Here are some tips on wireless network security. Read and implement them in your wireless network. Wireless network security is important, don't overlook it!
Change Factory Default Username and Password on Wireless Router
This is the first task you must do to better secure your wireless router. Factory default username and password must be changed when you start to configure the router. Those username and password are known publicly, so don’t leave it as default setting. If you cannot not change username, but for sure you can change the default password.
If you don’t believe, download some router manuals from vendor website, you would be able to find all these information…
Here are some examples of default username and password of wireless router from different vendors:
Linksys default username:(leave it blank) password:admin
Dlink default username:admin password:(leave it blank)
Netgear default username:admin password:password
Please also change factory default SSID of wireless router. Same as default username and password, it would be easy for people to know the default SSID even though you have disabled SSID broadcasting. The only information they need is your wilreless router model.
So, always assign the SSID that not easily to guess, and don’t use your name, pet’s name or home address as SSID. Quick suggestion, you can try to use the name that is unique and only known among family members but not others.
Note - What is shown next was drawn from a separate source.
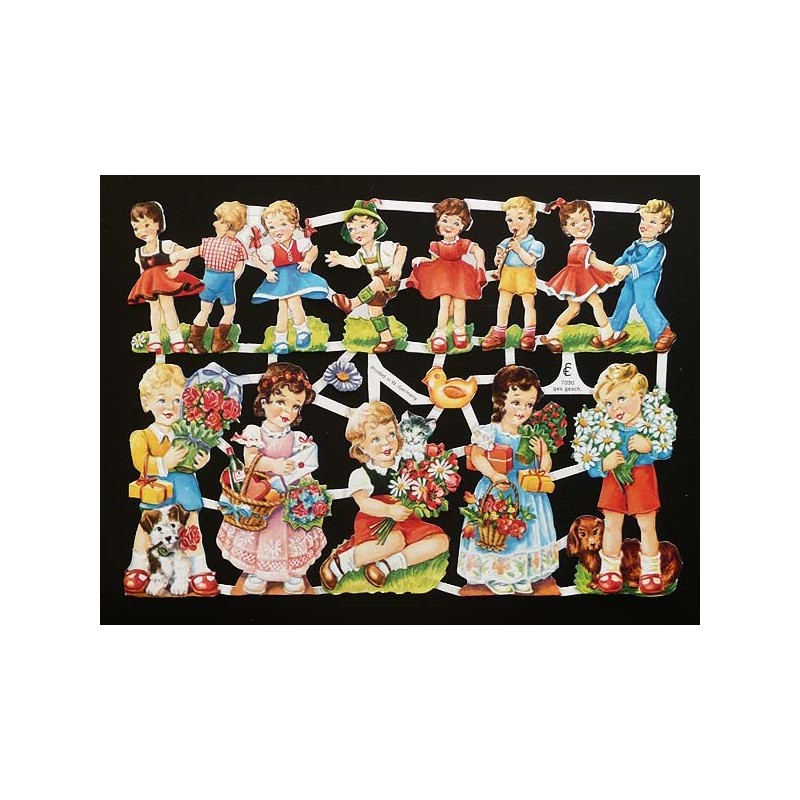 Lámina de cromos troquelados alemanes EF 7030 · Niños y Flores ·

Again, here are some examples of default SSID of wireless router from different vendors:
By default, most wireless router will broadcast the SSID to all wireless devices. That means your neighbour can detect the SSID you use in your network and gain access to your network with a computer equipped with wireless network adapter.
If you really want to broadcast the SSID, please make sure you enable WPA2 encryption and MAC address filtering to limit the access to your network.
Note: Windows XP's wireless zero configuration will have difficulty to detect and join non-broadcast (hidden SSID) wireless network, so you can enable SSID broadcast on wireless router to fix this issue. Don't forget the encryption!!
Enable WPA3 Encryption
Don’t forget to enable WPA3 encryption to encrypt the network traffic and improve wireless network security. For most of the latest routers, WPA3 encryption is supported. So far, WAP3 is the best and strongest encryption among WEP, WPA, WPA2 and WPA3 encryptions.
If you are using old wireless router that only support WPA2, WPA and WEP encryptions, try to upgrade the router firmware to have WPA3 support. Just go to the vendor website and check what’s the latest firmware for your router. This is because WPA/WEP encryption is not secured and can be cracked after gathering enough network traffic. Check out here on how to crack the WPA/WEP encryption key.
Note: If so bad that no WPA3 support even after upgrading to latest firmware, then use WPA2 encryption to secure your wireless network. :o)
Enable MAC Address Filtering
You can enable MAC address filtering to allow the computers with specific MAC address (it's wireless adapter's mac address) to join the wireless network only. This is one of the methods to enhance wireless network security from unauthorized access.
In order to make it work, you need to define a list of MAC address that are allowed to join the network. If you are not too sure how to check MAC address, kindly click here to learn how to check MAC address of network card.
Disable Wireless Router Administration by Wireless Client
It’s advisable to disable wireless router administration by wireless clients. This means you can only access and change the router configuration after wire connecting your computer to router.
Note: You should also use https (with encryption) method to access your router administration webpage instead of http (without encryption).
Disable Remote Wireless Router Administration
Don’t enable remote wireless router administration from Internet unless you really need it. Other Internet users would be able to find and hack your router through brute force password cracking or security exploits.
Note: Have a check on this feature although it’s usually disabled by default.
Update Wireless Router Firmware
Usually wireless router vendor will release new router firmware from time to time for fixing some software bugs and patching security holes. You should update the router firmware when it’s available. The firmware can be found on vendor website.
Turn off wireless router and broadband modem at the end of the day or when you are away on vacation, this will reduce the risk of your wireless network from hacking.
Monitor Connection on Wireless Network
Check your wireless router from time to time to find out connected computing devices details to make sure that no unknown devices are connected to it especially when you find out the network becomes slow suddenly. Usually you can find this settings on status page.